I'm unsubscribed (not going to read a reply). Thanks for bringing this up.
This is out of my hands for now. Someone who can better handle this issue of overly negative tweets would require careful consideration and testing of different approaches, as well as ongoing evaluation and refinement on user feedback and data.
Right here is where we could add the feature. Example:
-269 * is_not_helpful
I thought it would've been more difficult, but it looks much easier than I thought. All we need is a Twitter developer to approve and develop this.
Twitter has/had a downvote button; it was showing on one of my accounts until that account was shadowbanned.

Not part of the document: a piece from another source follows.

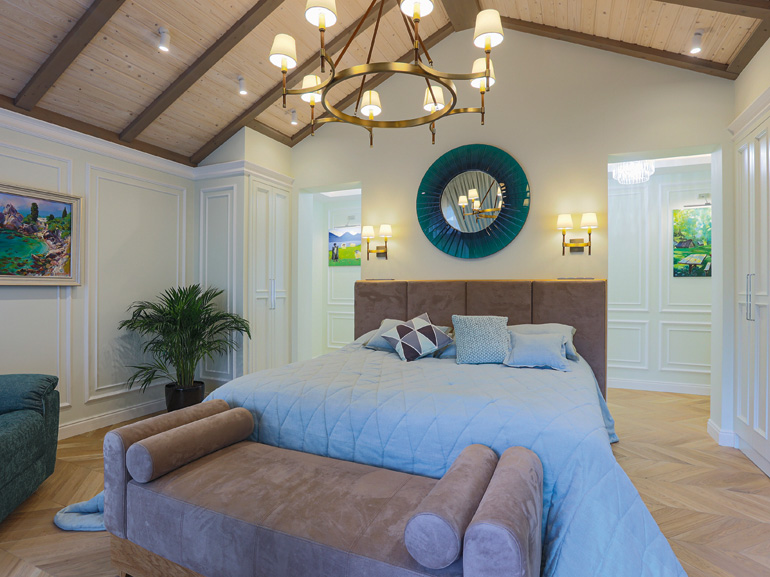 Второй этаж проектировался как интимное хозяйское пространство со всеми необходимыми зонами – спальней, гардеробом, санузлом и кладовкой. Центральное место здесь занимает просторная мастер-спальня площадью 20 кв. м с двусветными окнами, которые дают максимальную естественную инсоляцию. В приватной зоне неоклассика уступает место элементам уютного кантри, сохраняя за собой только ритмическое оформление стен вертикальными молдингами.

What you and they want is an echo chamber, which is great for BTS fans but horrible for politics. Twitter actively discourages showing people wrong: you do that to a snowflake and then they block/report you, decreasing your Social Score.

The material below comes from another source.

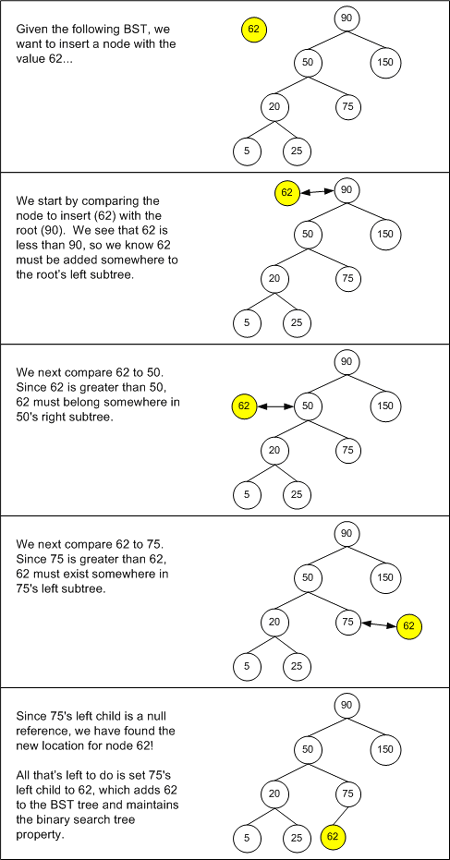 当合适的节点找到时,该算法结束。从而使新节点被放入 BST 中成为某一父节点合适的孩子节点。

See the ranking algorithm in my More Speech project. I put that together in about an hour, it only looks at the content of the tweet, and it's objectively better than the Twitter system (see the More Speech reports).
What you and they want is an echo chamber, which is great for BTS fans but horrible for politics. Twitter actively discourages showing people wrong: you do that to a snowflake and then they block/report you, decreasing your Social Score.

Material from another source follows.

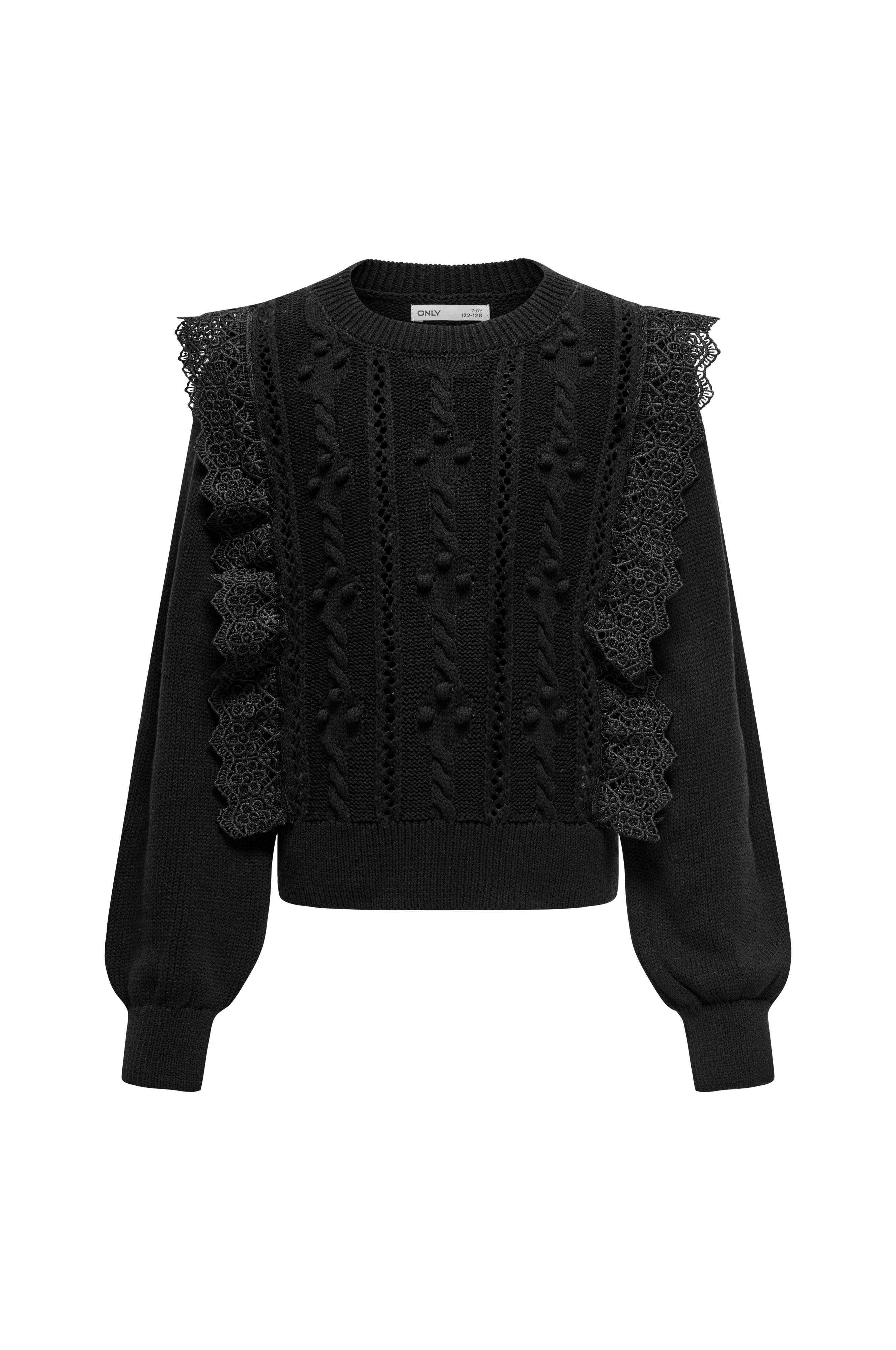 • Strikket trøje med kabelstrikning og hulmønster foran• Blondevolanter foran og omkring skuldrene• Lange ærmer• Ribmanchetter ved manchetterne og nederst

The goal of this is not to adjust social score, but decrease that specific problematic tweet from exacerbating.
#1760 In my suggestion I work with the balance of the echo chamber. I still think hiding certain things is important to the user when it doesn't create an echo chamber. For example, I have no interest in sports or romance. I don't like certain music genres either. I don't think hiding sports is the same as making an echo chamber within the design where it is objectively harmful.
If this works in a complementary way with my suggestion, basically the system would check if when stating that something is not useful it would have to do with the opposing ideological positions of the user. In that case, the button would lose effect. However, if the use of the button has to do with preference without ideological relation, the button would have an effect. I could say that chocolate ice cream is not useful, but strawberry ice cream is useful and the system shows more about strawberry ice cream.
Snow is triggered by Trump and Bubba is triggered by Biden. If they want to see a Trump- or Biden-free view of Twitter - like when parents spell out words so kids don't hear them - then they should be able to do that. They can live in their own perfect little fantasy world.
The problem is when the incompetent Twitter authoritarians use them filtering out Trump or Biden to affect Trump or Biden. I've been blocked by dozens and probably hundreds of people - including lots of blue checks - for showing them wrong. I criticized Shellenberger cozying up to Dilbert and got blocked. I called a neighborhood activist on punching way down at the homeless and got blocked. I showed DrPanMD wrong and got blocked. Likewise with ZitoSalena. In fact, both of the last are infamous for blocking critics. Twitter always sides with the blockers, not the blockees. They always side with the crowd (ochlocracy), never the voice in the wilderness.
@darkdevildeath thanks for bringing this up and proposing an implementable solution.
I agree this is totally complementary and orthogonal, this feedback mostly act as a additional content filter and it does clearly improve the comfort of users (by reducing the risks of them being manipulated by third-parties).
I'm not sure to understand what is preventing this feature to be implemented as soon as possible?